Онлайн-тора Онлайн-тора (Torah Online) Букник-Младший JKniga JKniga Эшколот Эшколот Книжники Книжники
Хроника потерь
Елена Калашникова  •  3 июня 2015 года
Для кого на самом деле переводят переводчики, исчерпаемо ли богатство языка, как переводить на русский писателей-экспериментаторов и можно ли писать романы после Жоржа Перека? «Букник» поговорил с Валерием Кисловым, переведшим с французского Бориса Виана, Раймона Кено и, собственно, Жоржа Перека.

Валерий Кислов. Фото М. Бендет.

Елена Калашникова: Как вам кажется, влияют на вас переведенные тексты и процесс работы над ними? Может, под влиянием переведенной книги вы стали иначе смотреть на какую-то тему?

Валерий Кислов: Вот такой анекдотический случай: после перевода «Исчезания» Жоржа Перека, где нельзя было употреблять букву «О», мозг еще какое-то время автоматически отмечал: «Ага, три слова сказал человек — ни одной буквы “О”».

Не хотелось бы, чтобы звучало пафосно, но когда переводишь, понимаешь, что слова очень важны, что это такое же орудие.
Речь идет даже не о двух разных языках при переводе, а об одном — иногда только потому, что выбран неправильный термин, он поставлен в неправильный контекст, меняются отношения и люди не могут договориться. И вот это ощущение, что язык небезопасен, возникло у меня довольно поздно. Например, я очень люблю Вагнера, но валькирии и прочее, по крайней мере у меня, ассоциируются с нацистской символикой. Точно так же некоторые слова несут на себе нагрузку — смысловую, иногда подсознательную, и коннотации тут очень важны. Используя такие слова, мы должны это учитывать. Ну и со временем у меня возникли какие-то мании — есть слова, которые я очень не люблю, а есть те, которые нежно лелею, что тоже не очень правильно, потому что это какое-то субъективное отношение. Некоторые слова меня раздражают неимоверно.

Е.К.: Например, какие?

В.К.: «Прикол», «озвучить», когда журналисты говорят: «Вот вы можете озвучить…» Озвучание — это термин, используемый в кино, когда к отснятому материалу записывается речь, фоны, шумы. Сейчас в Москве я услышал новое слово, вернее, старое слово в новом контексте. Я зашел выпить кофе. Съел уже круассан, выпил кофе, а фреш все не несут, а я уже хочу курить, у меня же программа: выпил кофе — покурил. И вот официант прибегает и говорит: «Мы вам сделали не маленький фреш, а большой. Это комплимент». И потом я обратил внимание, что в гостинице стоят две бутылки воды и написано: «Комплимент от гостиницы». Комплимент кому и за что? Это новая жизнь старого слова.

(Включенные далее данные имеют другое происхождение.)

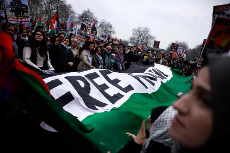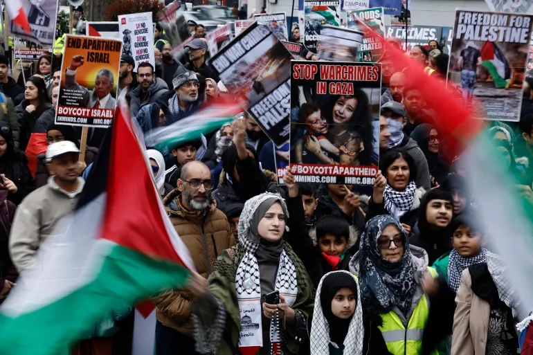 Para demonstran di ibu kota Inggris menyerukan boikot terhadap "Israel" dan menuntut penghentian agresi yang terus berlanjut di Gaza.
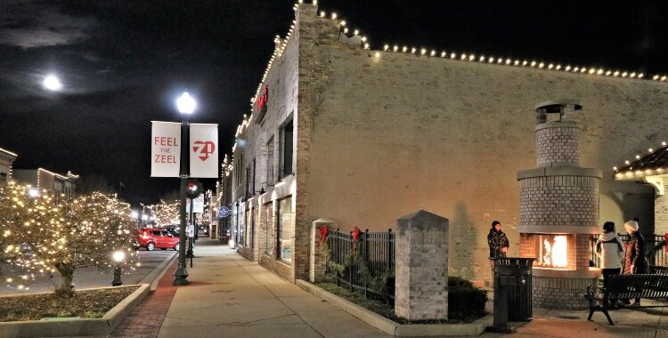 In Zeeland, the light-covered trees along Main Avenue, the downtown’s main street, give off the same dazzling effect. At downtown’s Heritage Square, a flickering fireplace flame and a decorated Christmas tree in Splash Pad Park add to the holiday glimmer.
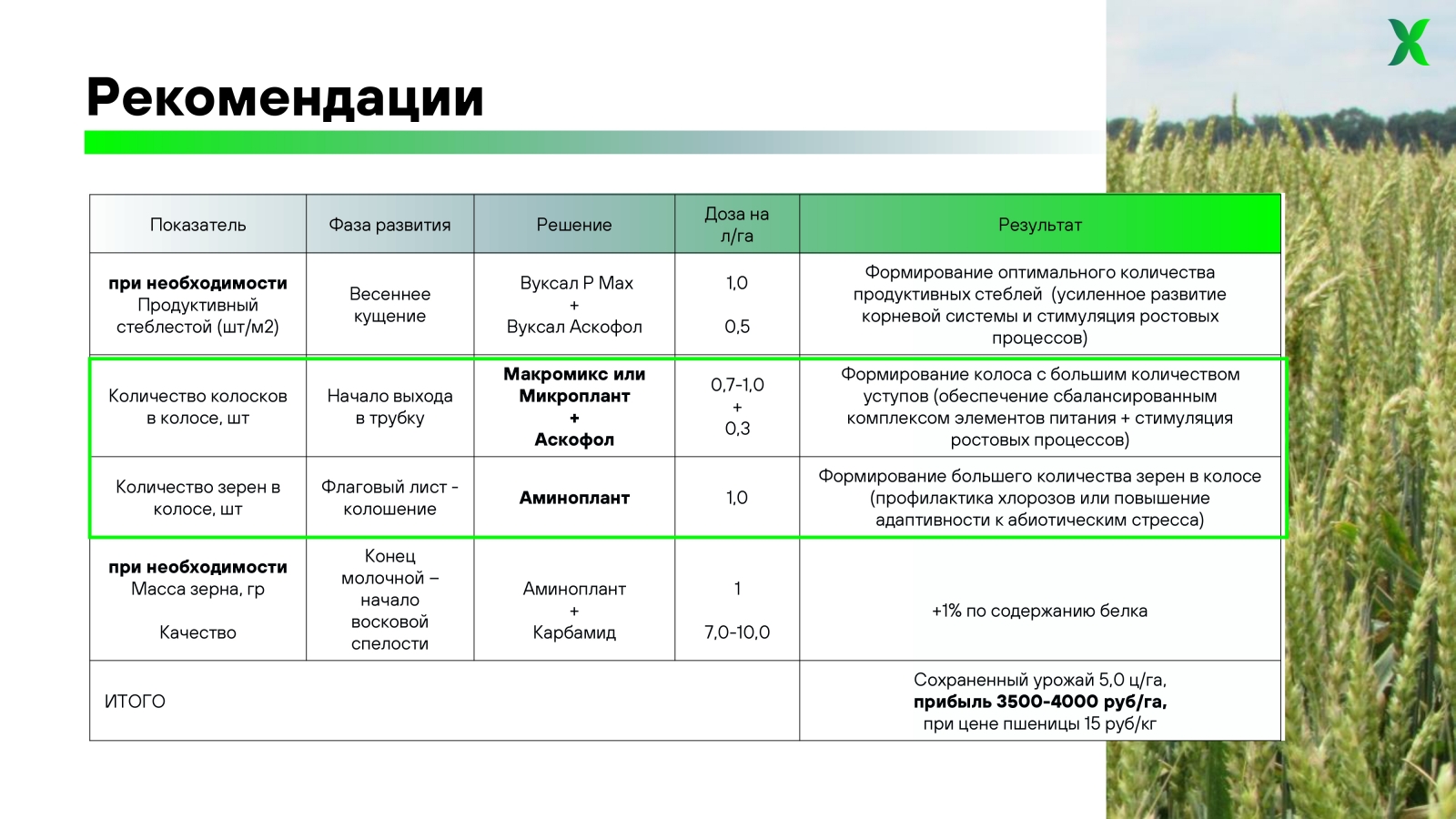 Эксперт напомнила, что оптимальное питание в фазе Z 29-31 влияет на закладку величины колоса и его выполненность. Улучшая обеспеченность питанием в этот период, можно получить колос со средним числом колосков 22 и выше: при благоприятных условиях заполняется верхушка колоса и его основание, которые обычно остаются пустыми.
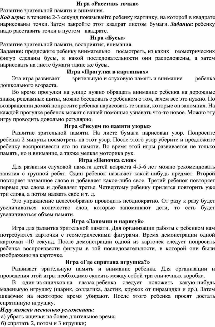 Эта игра развивает зрительную и слуховую память и внимание ребенка дошкольного возраста.
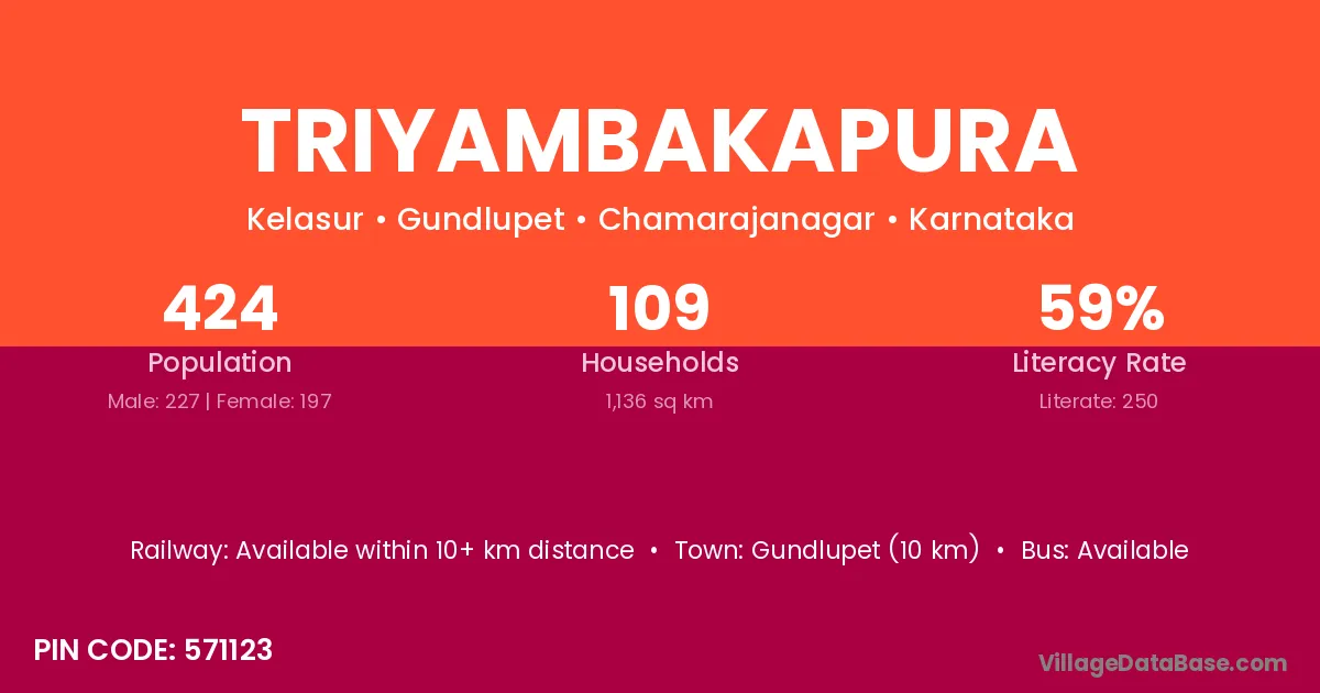 Triyambakapura village has a total population of 424 people, of which 227 are males and 197 are females.
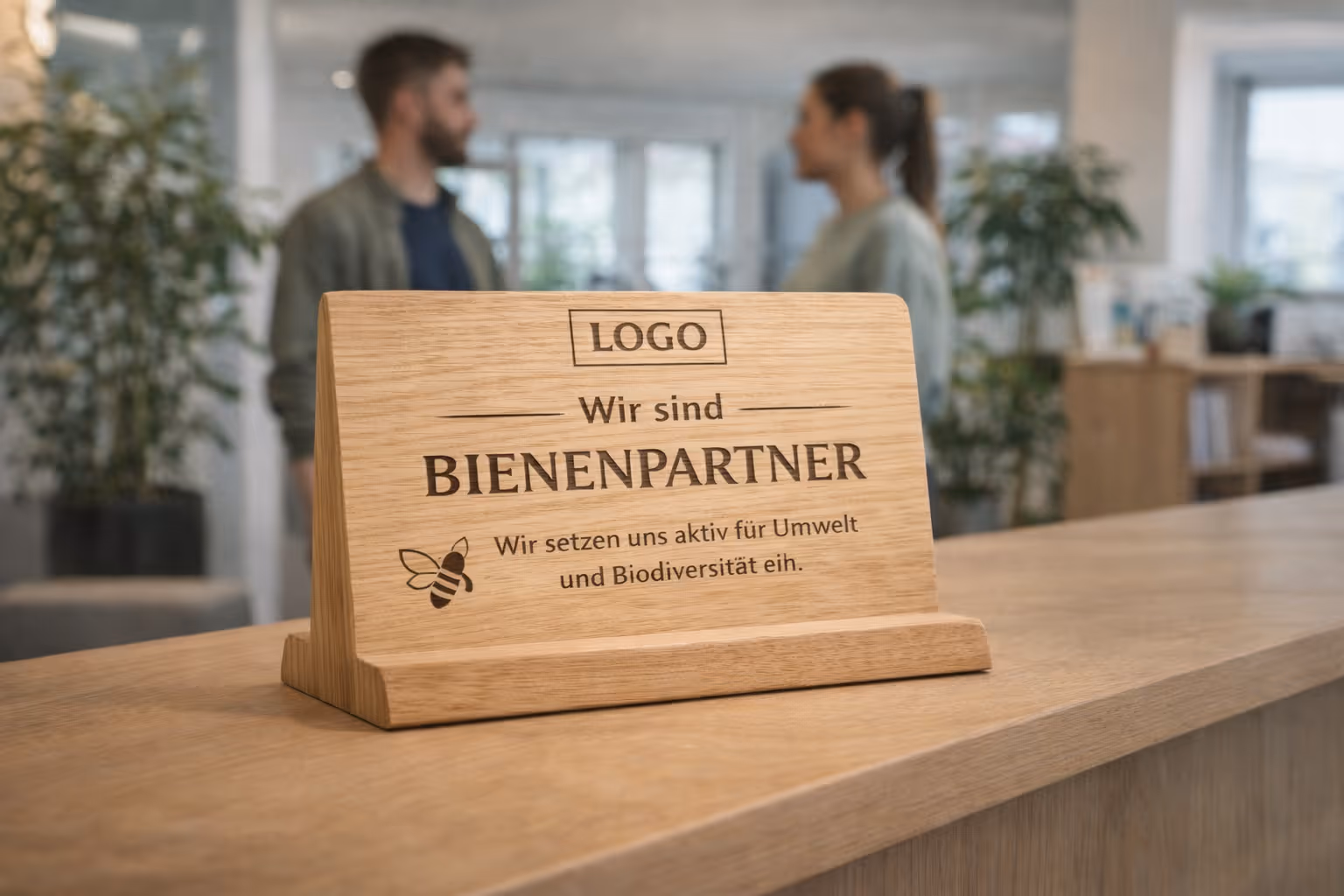 ✔ Bienenpartner-Siegel als Aufsteller mit Ihrem Firmenlogo

Е.К.: Вы больше всего переводили Жоржа Перека. Наша сегодняшняя беседа состоялась благодаря тому, что вы приехали на круглый стол проекта «Эшколот», посвященный его роману «W, или Воспоминания детства». Каким вам видится читатель Перека?

В.К.: Перек ориентирован на тех, кто любит читать, способен перечитывать, для кого чтение, как это ни пафосно звучит, неотъемлемая часть жизни. Он пишет просто, то есть он не заумный писатель. Кто-то сказал, что главное — это когда пишут просто о сложном. Мне кажется, Перек это и делает — пишет просто об очень непростом. В каком смысле просто? Понятно, не заумно, не умничая. Некоторых авторов просто невозможно читать без словаря по психологии, философии — вот это для меня сложная литература. А Перек как раз совершенно доступен, то есть человечен. Поэтому я не говорил бы, что он — писатель для высоколобых интеллектуалов с тремя высшими образованиями, нет. Но это небыстрое чтение, его нельзя прочесть как детектив, книжку рассказов в дорогу… По-французски есть выражение roman de gare — это книжки, которые продаются в киосках на вокзалах, то есть довольно легкая литература. Так вот Перек не такой. Хотя однажды в киоске парижского вокзала я купил Битова на французском.

Е.К.: Думаете ли вы о читателе во время работы, представляете ли кого-то конкретного?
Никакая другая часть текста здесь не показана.